Elizabeth Moss Tracks Down a Killer in Chilling SHINING GIRLS Trailer

Over the last few years, we’ve watched Elizabeth Moss face off against a lot of terrible men on-screen. There’s her Emmy-winning role in The Handmaid’s Tale. And then her utterly brilliant performance in Leigh Whannell’s The Invisible Man, which debuted in February 2020. Now she’s taking center stage once more in the Apple TV+ series Shining Girls. She plays a former aspiring journalist who teams up with a reporter to unmask the man who attacked her and derailed her life. And the trailer is incredibly chilling.

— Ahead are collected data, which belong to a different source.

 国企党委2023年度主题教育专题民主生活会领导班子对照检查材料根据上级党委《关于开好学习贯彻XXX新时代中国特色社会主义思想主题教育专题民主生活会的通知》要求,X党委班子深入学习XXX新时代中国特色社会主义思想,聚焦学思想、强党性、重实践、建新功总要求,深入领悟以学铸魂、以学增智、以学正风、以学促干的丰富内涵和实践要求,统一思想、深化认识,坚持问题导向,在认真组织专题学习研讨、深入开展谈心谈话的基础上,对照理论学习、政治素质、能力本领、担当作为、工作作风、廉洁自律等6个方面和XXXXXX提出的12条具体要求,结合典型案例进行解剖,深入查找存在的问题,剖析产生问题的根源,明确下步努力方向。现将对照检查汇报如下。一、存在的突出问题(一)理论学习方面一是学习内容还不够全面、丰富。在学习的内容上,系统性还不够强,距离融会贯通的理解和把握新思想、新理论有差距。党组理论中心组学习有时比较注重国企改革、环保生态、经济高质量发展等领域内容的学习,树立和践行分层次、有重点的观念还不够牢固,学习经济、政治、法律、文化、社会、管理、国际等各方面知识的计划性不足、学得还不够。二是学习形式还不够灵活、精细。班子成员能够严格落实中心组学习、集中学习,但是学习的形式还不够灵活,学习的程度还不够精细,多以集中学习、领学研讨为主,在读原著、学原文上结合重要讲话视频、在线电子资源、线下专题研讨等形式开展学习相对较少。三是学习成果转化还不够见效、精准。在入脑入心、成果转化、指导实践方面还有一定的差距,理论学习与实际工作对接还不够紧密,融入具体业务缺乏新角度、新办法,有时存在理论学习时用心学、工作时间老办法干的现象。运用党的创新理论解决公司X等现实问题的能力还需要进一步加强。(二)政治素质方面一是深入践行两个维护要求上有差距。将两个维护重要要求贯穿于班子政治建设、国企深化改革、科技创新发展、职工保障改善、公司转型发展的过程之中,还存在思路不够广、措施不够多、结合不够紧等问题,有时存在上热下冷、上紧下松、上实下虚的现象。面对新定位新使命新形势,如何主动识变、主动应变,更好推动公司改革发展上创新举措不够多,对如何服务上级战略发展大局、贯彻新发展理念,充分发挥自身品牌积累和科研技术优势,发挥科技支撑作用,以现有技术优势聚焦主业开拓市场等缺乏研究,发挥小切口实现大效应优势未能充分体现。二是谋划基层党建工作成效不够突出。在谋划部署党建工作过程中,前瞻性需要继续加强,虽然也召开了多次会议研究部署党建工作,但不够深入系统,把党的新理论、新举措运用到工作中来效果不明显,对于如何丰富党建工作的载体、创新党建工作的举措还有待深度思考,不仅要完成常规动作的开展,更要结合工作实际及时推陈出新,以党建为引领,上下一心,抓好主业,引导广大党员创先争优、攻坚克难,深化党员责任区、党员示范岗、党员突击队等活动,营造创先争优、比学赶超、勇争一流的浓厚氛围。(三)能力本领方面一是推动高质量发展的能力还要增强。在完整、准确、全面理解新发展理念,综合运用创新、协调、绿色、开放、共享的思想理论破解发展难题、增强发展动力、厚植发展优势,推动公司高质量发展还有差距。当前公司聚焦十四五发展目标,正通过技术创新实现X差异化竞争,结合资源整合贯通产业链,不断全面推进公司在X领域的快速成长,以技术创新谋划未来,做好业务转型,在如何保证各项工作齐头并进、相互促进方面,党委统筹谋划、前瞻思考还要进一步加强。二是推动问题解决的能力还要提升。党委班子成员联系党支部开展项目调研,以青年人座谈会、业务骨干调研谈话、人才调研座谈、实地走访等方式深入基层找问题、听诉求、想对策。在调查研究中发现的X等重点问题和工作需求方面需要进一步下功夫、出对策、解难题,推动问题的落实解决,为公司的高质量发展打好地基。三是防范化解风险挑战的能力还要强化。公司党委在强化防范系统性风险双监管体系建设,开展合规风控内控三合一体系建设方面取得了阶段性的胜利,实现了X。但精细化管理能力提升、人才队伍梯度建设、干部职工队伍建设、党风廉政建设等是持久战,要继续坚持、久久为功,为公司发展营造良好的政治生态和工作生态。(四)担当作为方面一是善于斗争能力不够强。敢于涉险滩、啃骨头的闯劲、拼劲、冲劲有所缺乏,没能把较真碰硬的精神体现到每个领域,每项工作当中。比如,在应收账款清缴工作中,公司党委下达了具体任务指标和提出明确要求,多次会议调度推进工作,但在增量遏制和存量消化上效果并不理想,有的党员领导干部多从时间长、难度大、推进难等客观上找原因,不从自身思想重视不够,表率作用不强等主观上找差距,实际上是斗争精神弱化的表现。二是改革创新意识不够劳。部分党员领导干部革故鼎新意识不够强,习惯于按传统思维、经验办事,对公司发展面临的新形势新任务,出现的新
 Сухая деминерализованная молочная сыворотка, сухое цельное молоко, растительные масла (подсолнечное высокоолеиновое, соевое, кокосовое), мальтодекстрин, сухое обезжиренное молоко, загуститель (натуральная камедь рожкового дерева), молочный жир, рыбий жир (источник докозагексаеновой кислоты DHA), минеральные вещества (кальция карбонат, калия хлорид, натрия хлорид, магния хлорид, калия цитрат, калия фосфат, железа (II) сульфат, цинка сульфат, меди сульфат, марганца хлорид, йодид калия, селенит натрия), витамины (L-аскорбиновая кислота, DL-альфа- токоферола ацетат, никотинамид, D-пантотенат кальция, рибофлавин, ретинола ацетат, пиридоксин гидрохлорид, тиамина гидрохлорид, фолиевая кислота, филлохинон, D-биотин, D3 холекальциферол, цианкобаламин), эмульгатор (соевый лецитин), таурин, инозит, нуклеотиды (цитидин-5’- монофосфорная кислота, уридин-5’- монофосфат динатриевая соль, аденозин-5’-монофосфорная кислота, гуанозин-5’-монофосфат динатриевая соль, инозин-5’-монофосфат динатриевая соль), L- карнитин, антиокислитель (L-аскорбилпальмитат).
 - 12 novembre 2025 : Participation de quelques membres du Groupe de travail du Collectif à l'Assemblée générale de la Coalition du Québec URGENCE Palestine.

Set in Chicago, the series, based on the Lauren Beukes novel, picks up in the aftermath of a murder—one that has parallels to the attack on Moss’s character, Kirby Mazrachi, several years prior. But as she and reporter Dan Velazquez (Narcos’ Wagner Moura), dig into potential links between the two cases, they uncover several more similarities—and these additional cases span decades. And that’s where things get downright creepy.

Elizabeth Moss and Wagner Moura look at Polaroid images in Shining Girls
Apple TV+

Here’s the synopsis from Apple TV+:

Kirby Mazrachi (Moss) as a Chicago newspaper archivist whose journalistic ambitions were put on hold after enduring a traumatic assault. When Kirby learns that a recent murder mirrors her own case, she partners with seasoned, yet troubled reporter Dan Velazquez (played by Wagner Moura), to uncover her attacker’s identity. As they realize these cold cases are inextricably linked, their own personal traumas and Kirby’s blurred reality allow her assailant to remain one step ahead.

Phillipa Soo, Amy Brenneman, and Jamie Bell round out the cast. Silka Luisa adapted Shining Girls, serving as showrunner and executive producer. In addition to starring and executive producing, Moss also directs two episodes. The eight-episode season sees executive producers Michelle MacLaren helm two episodes, with Daina Reid directing four.

Elizabeth Moss in Shining Girls
Apple TV+

Interestingly, Apple TV+ is not billing Shining Girls as a limited series. (At least not yet, anyway.) So I’ll be curious to see if, like The Handmaid’s Tale, the series uses the novel as a jumping off point. Or if it makes changes to prolong its TV shelf life. Either way, it’s an incredibly sinister plot. One that will have us looking over our shoulders for a sinister Jamie Bell lurking in the background.

Shining Girls premieres on April 29, debuting the first three episodes with the following episodes dropping weekly.